PAYLESS CASHWAYS: Hearing for Claimants
On  October 15, 1997 in The United States
Bankruptcy Court, Western District of Missouri, six
retiree claimants are seeking separate
classification of their deferred compensation
claims.  As part of Payless Cashways’ proposed plan
of reorganization all unsecured prepetition claims
are grouped in a single class, class 3A.  Because
the claims of the retiree claimants constitute
senior indebtedness under the senior subordinated
note indenture the movants claim they are not
“substantially similar” to claims under the senior
subordinated notes, and can not be placed in the
same class with senior subordinated notes.

The retiree claimants argue that because
subordination agreements such as the Indenture
governing their claims are enforceable in
bankruptcy, the retiree claimants must be paid in
full before any payment can go to the holders of
senior subordinated notes.  They claim  that the
reorganization plan, in its current form, fails to
provide a mechanism to implement the subordination.
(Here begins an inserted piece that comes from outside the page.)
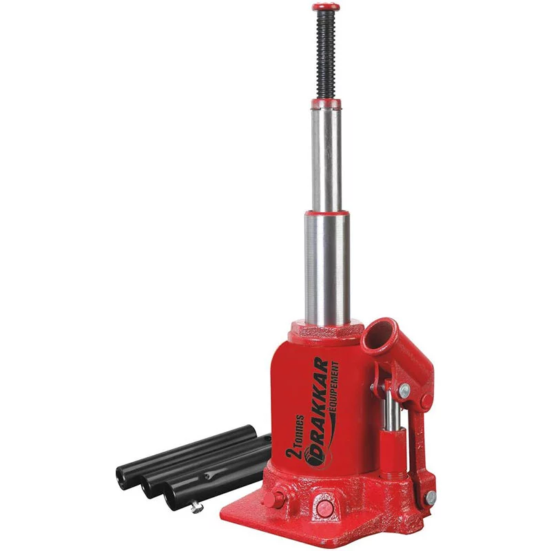 Cric bouteille hydraulique télescopique DRAKKAR 2 tonnes, compact et rapide + descente lente pour plus de sécurité.

PHAR-MOR: New Officers, Shareholder Meeting
Phar-Mor, Inc., announced today that Abbey J.
Butler and Melvyn J. Estrin have been appointed co-
chairmen of the board and co-chief executive
officers.  Mr. Butler and Mr. Estrin currently hold
the same positions at Avatex Corporation, which
holds 39.1 percent of Phar-Mor's common stock.

Mr. Butler and Mr. Estrin also announced that David
Schwartz will remain president and COO of the
company.  In that capacity, he will continue to be
responsible for Phar-Mor's day-to-day operations.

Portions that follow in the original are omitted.